Work request:
Transcribe only what runs from the line containing "3.点击选中V中的视频,按键盘上的del键删除,这样就只保留音频了;" through the end of the listing, line for line and exactly, and omit the pictures.

Data in this exercise:
====
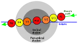 ![]() La Luna pasando de derecha a izquierda a través de la sombra de la Tierra (visto desde el hemisferio norte). | |
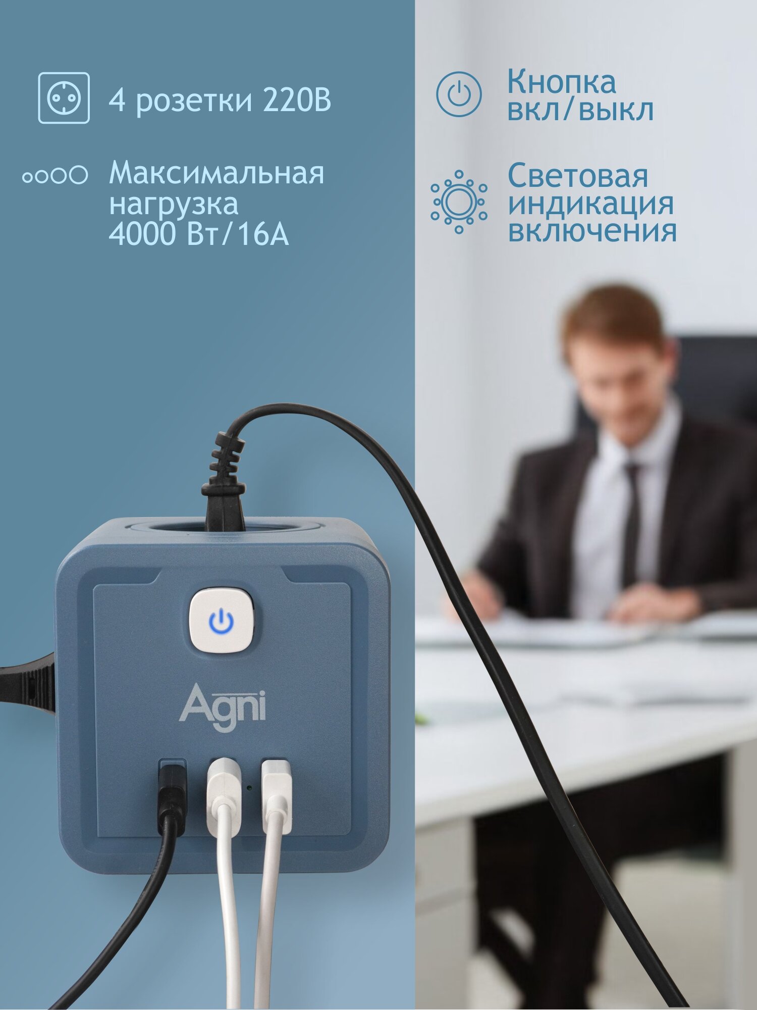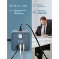 Купить Разветвитель для розетки AGNI, 4 розетки, 4000Вт, 3 USB-порта, TYPE C, с заземлением с доставкой по всей России.
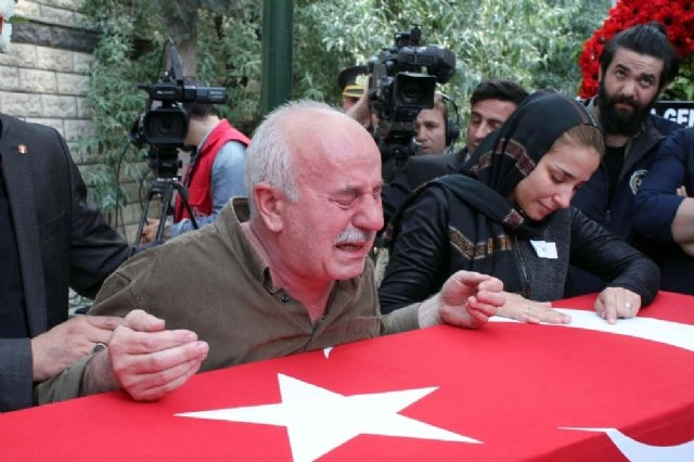 Şırnak Uludere'deki helikopter kazasında şehit olan Yüzbaşı Nuri Şener'in cenazesi İstanbul'a son yolculuğuna uğurlandı. Oğlunun tabutuna sarılan şehit babası, 'Yanık kokularına kurban olayım senin' diyerek gözyaşı döktü.
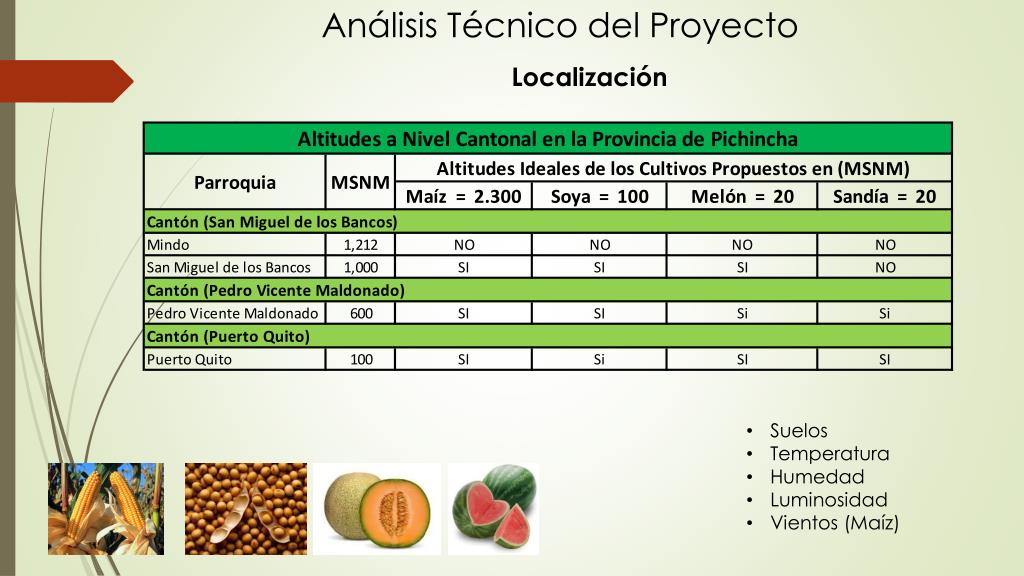 Análisis Técnico del Proyecto Localización • Suelos • Temperatura • Humedad • Luminosidad • Vientos (Maíz)
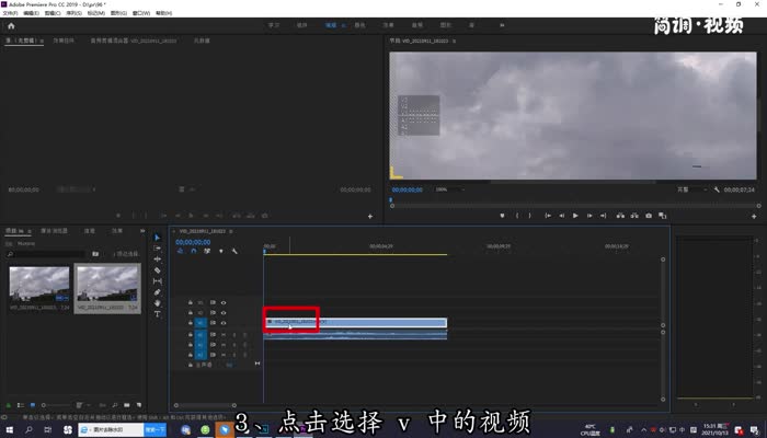 3.点击选中V中的视频,按键盘上的del键删除,这样就只保留音频了;
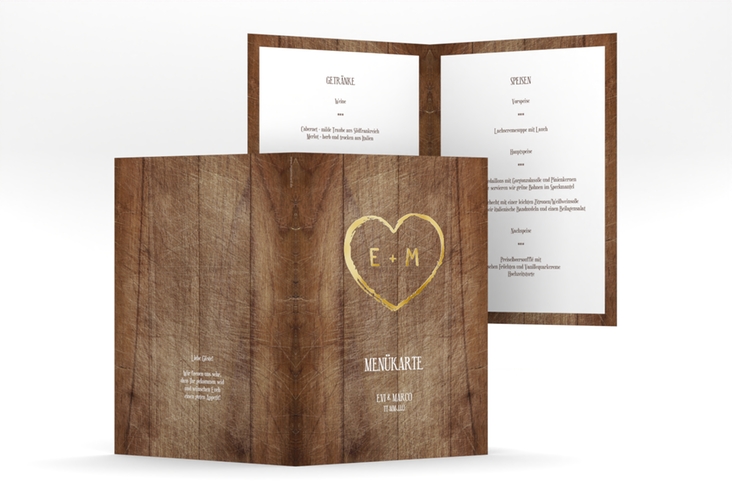 Menükarte Hochzeit "Wood" - A5 Klappkarte hoch
====
Result for this exercise:
 3.点击选中V中的视频,按键盘上的del键删除,这样就只保留音频了;
 Menükarte Hochzeit "Wood" - A5 Klappkarte hoch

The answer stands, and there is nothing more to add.